In the box is a lead to go to your cigar lighter to provide the power. A rather flimsy aerial to attach to the inside of the windscreen, a bracket (much like those for Sat Nav systems) to fit the unit into, an optional line out lead and of course the DAB radio module.
It is 12x7x2.5cm. When you first apply power it tunes so you need to have connected the aerial first. It found 41 stations for me - rather less than most indoor units - but if I had tuned it in a desolate area it may well have found more but my drive has house all around.
After the tune it starts searching the FM band and in my case decided I should tune my AM/FM radio to 91.7, this done I could hear the output through my normal speakers and driving locally all seemed well. This uses the technology only recently made legal in the UK.
Looking at the unit it has four sockets on the left side. The aerial input, a 3.5mm line out, a 3.5mm line in (useful for an MP3 player) and a mini USB socket that goes to the cigar lighter socket.
The face has a circular notched tuning knob with a button in the centre for selection. To the right of this is a 7x1.5cm three line black on green display. The top edge has four buttons and four presets that come tuned to Virgin Radio, Planet Rock, Talk Sport and theJazz but of course you have a total of twenty presets and only the first four are immediately available others need extra clicks.
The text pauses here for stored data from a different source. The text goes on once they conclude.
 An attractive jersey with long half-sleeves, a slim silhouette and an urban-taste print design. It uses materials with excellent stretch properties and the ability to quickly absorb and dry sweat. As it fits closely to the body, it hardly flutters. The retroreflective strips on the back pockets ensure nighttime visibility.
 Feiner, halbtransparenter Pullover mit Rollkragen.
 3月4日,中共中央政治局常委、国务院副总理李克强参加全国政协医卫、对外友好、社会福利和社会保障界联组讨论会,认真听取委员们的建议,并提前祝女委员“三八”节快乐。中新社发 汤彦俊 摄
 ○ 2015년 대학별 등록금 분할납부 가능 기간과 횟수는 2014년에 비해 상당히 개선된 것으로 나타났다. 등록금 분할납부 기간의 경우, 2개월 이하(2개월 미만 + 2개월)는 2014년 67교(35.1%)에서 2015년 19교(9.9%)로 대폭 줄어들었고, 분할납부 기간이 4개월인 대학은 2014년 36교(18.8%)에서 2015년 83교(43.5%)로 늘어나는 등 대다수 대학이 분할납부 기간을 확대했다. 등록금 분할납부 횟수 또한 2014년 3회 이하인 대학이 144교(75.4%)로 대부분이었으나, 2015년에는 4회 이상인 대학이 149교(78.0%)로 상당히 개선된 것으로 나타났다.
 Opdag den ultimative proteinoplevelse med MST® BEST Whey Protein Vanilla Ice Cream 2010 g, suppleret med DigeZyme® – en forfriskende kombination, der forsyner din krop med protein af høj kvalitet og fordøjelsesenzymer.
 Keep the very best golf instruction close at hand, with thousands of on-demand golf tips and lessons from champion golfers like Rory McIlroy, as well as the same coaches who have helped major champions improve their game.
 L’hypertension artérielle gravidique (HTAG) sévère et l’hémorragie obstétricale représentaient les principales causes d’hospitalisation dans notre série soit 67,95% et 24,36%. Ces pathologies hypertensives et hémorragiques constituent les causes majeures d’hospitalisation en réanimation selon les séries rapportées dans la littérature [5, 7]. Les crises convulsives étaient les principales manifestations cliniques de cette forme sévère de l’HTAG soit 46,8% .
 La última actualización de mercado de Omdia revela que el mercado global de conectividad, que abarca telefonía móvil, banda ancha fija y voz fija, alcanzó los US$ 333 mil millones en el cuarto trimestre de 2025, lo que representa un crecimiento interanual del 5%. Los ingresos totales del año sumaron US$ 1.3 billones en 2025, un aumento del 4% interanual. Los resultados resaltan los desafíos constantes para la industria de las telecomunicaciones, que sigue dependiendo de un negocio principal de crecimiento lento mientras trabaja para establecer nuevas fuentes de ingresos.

However it is possible to use it even if your car has no radio as you could plug a set of ear buds into the line out but do read the manual first to find out how to decrease the volume. Should you wish to use it away from a car then the rear of the unit can accommodate two 'AA' batteries but you could put it through external speakers and therefore have a control over volume. However you could also attach any mini USB to USB lead and take power from a PC or even one of those becoming popular 13amp plugs that have a standard USB socket to attach the lead to, however you still would need to overcome the flimsy aerial but no doubt someone will make one to go to the 2.5mm socket on the unit.
By default the three line display has a clock, signal strength ReVu on the top line and some extra icons only shown when in battery mode. The station you are tuned to and the amount you are behind (ReVu) on the second line and the date on the third line. However a click on the menu button lets you choose the third line options by turning the tuning knob till you get to Info Display, the options are Date, Scrolling Text, Multiplex Info, Multiplex Name, Signal Quality, Signal Strength or Programme Type.
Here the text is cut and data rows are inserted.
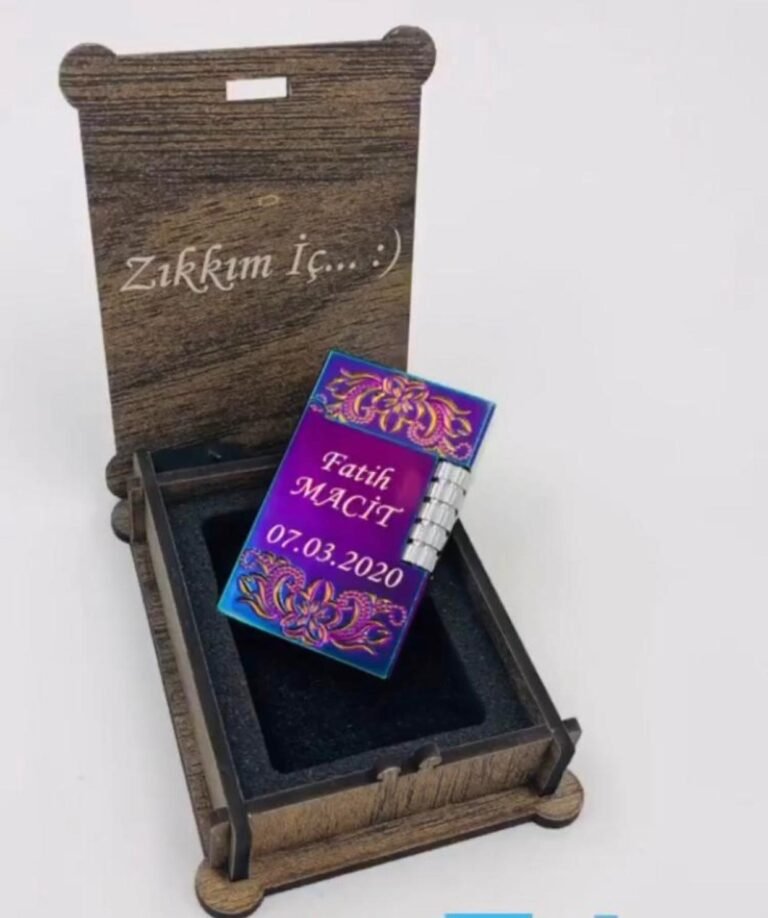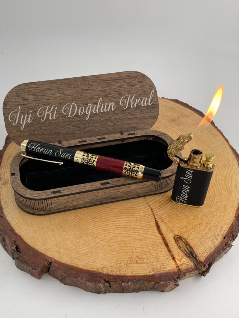 ŞIK TASARIMI İLE KOLAY KULLANIMLI ÇİFT REZİDANSLI TUŞLU ÇAKMAK LAZER KESİM AHŞAP KUTULU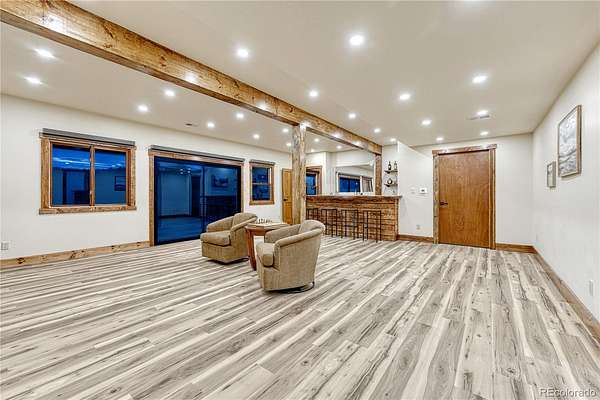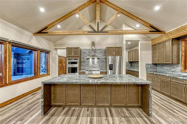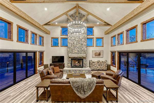 Set behind a private gate, this exceptional horse property delivers total privacy without sacrificing convenience. This walk-out ranch showcases a stunning open design with vaulted ceilings, decorative beams, a statement chandelier, and rich 7” hickory floors. A dramatic floor-to-ceiling wood fireplace anchors the living space and is beautifully echoed on the exterior. Walls of new windows and sliding glass doors flood the home with natural light, while a full wraparound deck captures breathtaking views in every direction.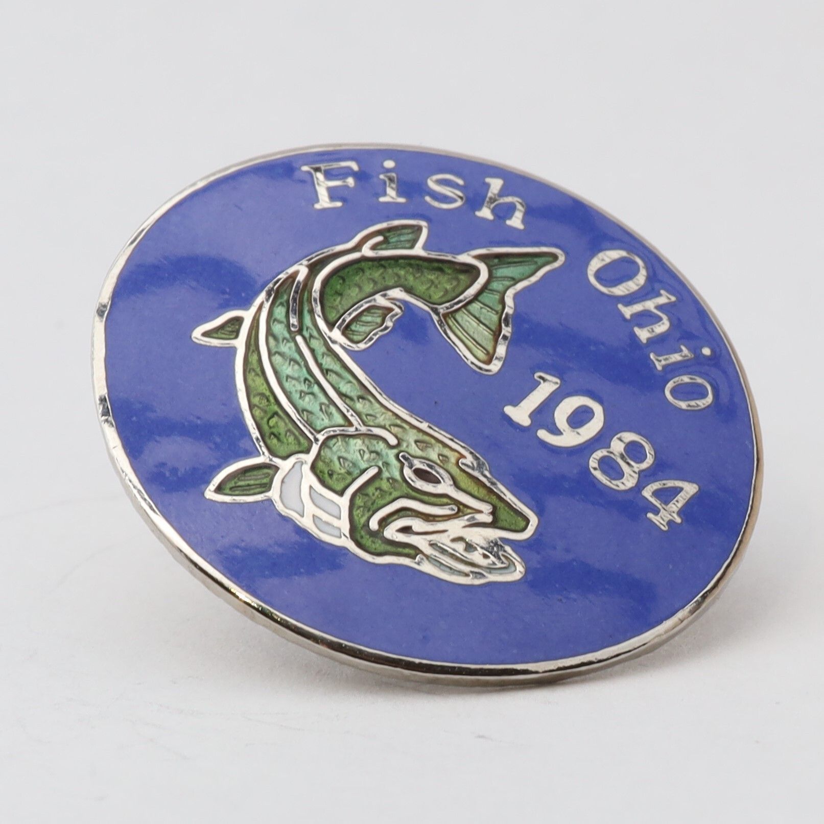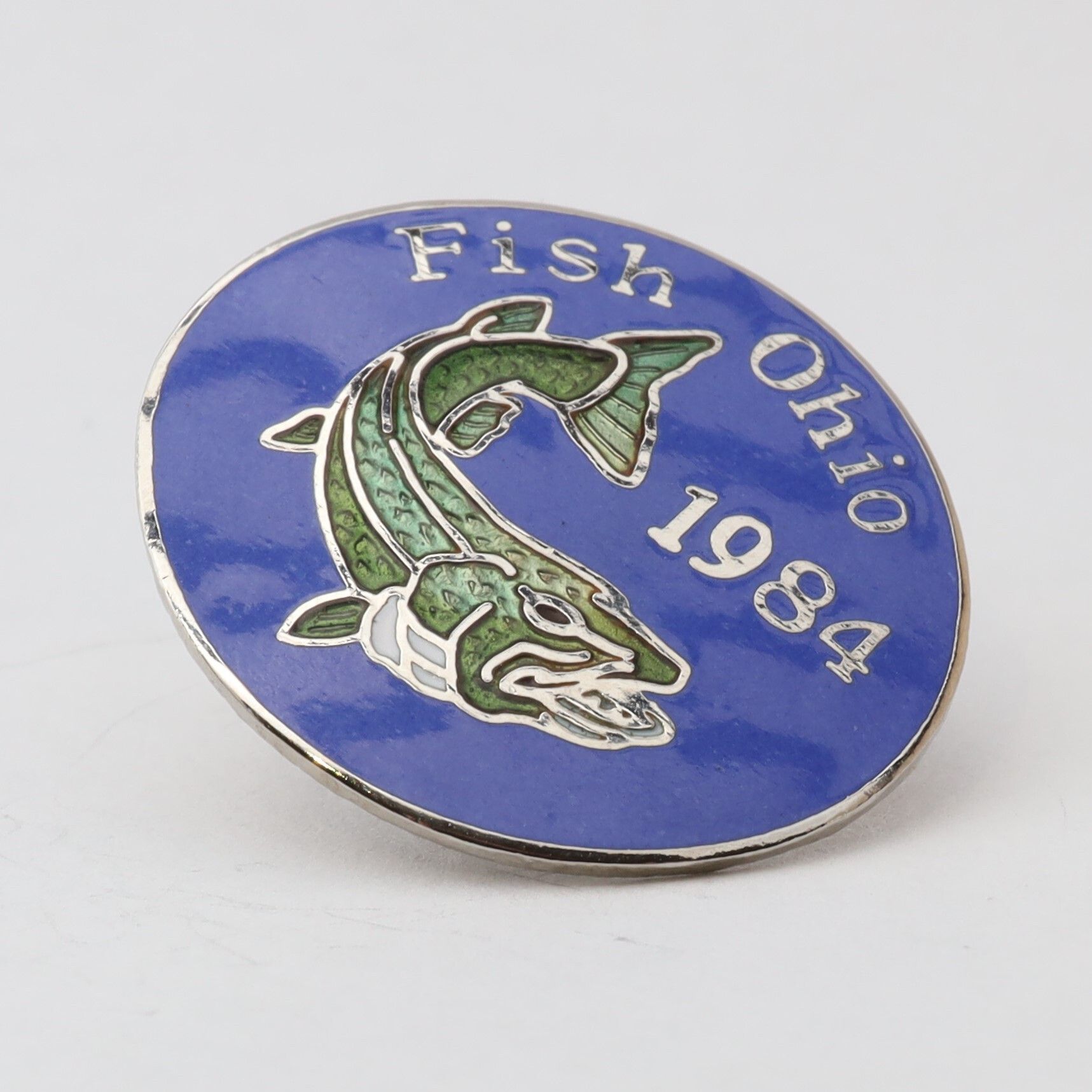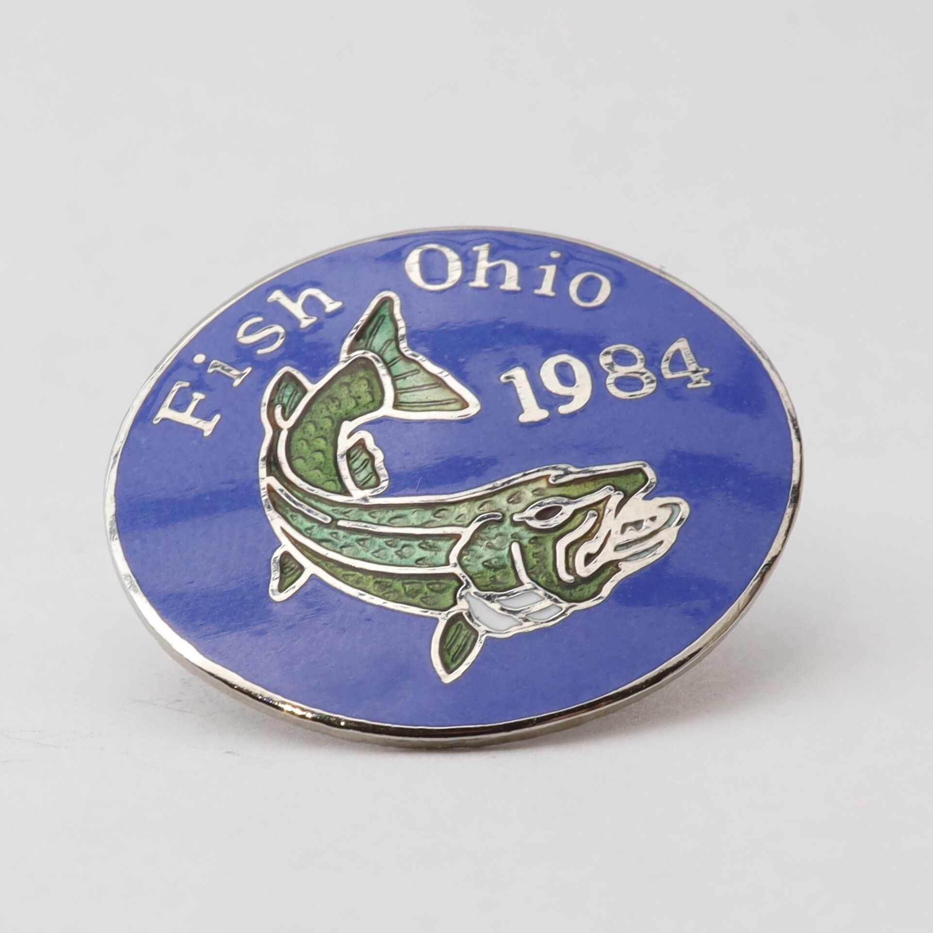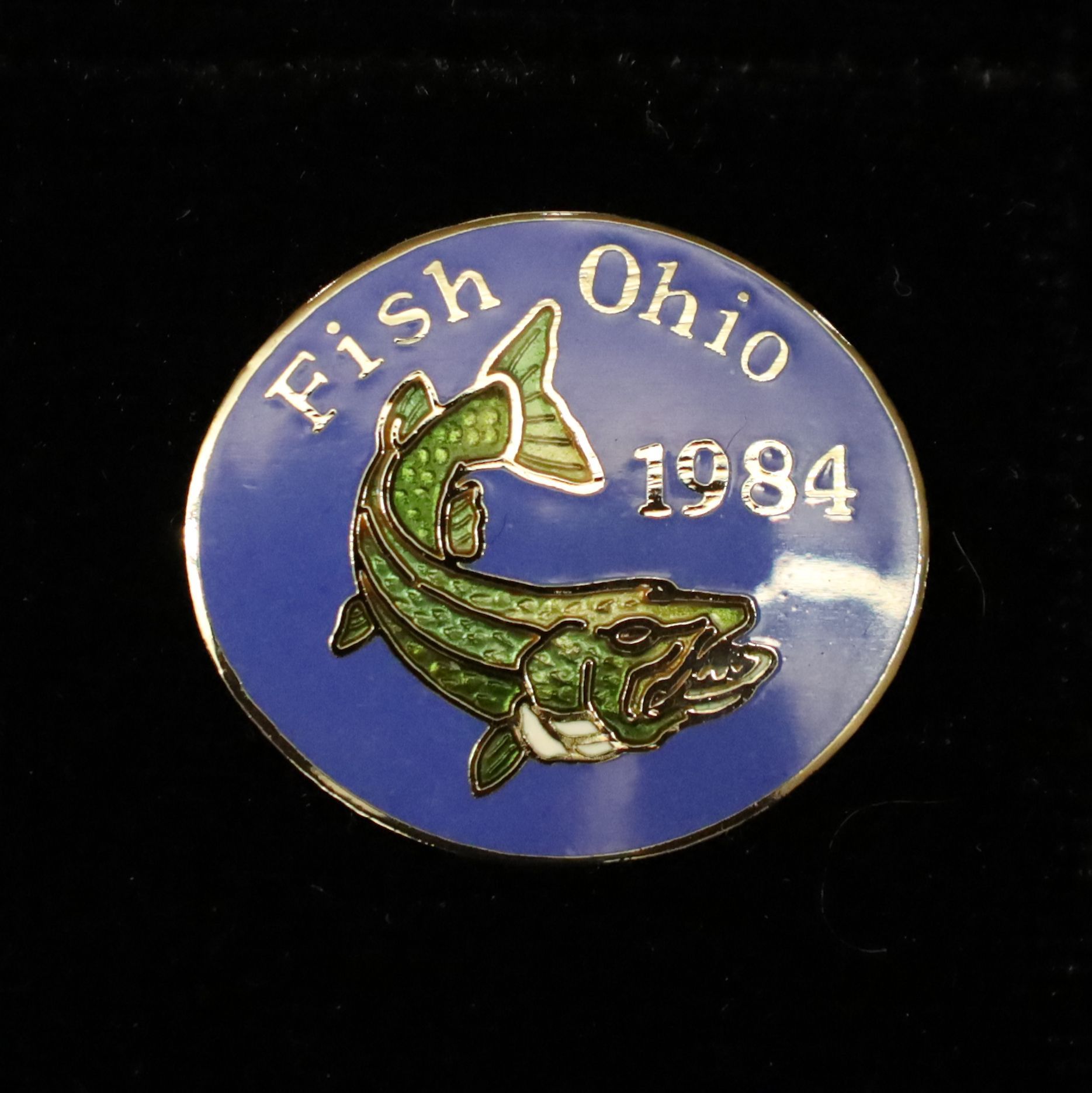 Prototype of the 1984 Fish Ohio pin featuring muskie.Context

ReVu is a technology only available on a few DAB radios, press the third of four buttons on the top and you start going back in ten second intervals the amount of time you can go back depends on the length of time you have been listening and the stations broadcast Mbps, but it should be plenty of time for a comfort break or to fill up with fuel without missing any of what you were listening to.
As you travel around you are more likely to lose DAB signals and there is a 'Fade on Burble' option that you can set on or off. There is a 24 page manual that covers almost everything and as a cheaper way of getting DAB in your car it is worth considering.
Doing my Internet searches found the Pure Highway at a best price of £62.99 from directly from Amazon and so includes delivery.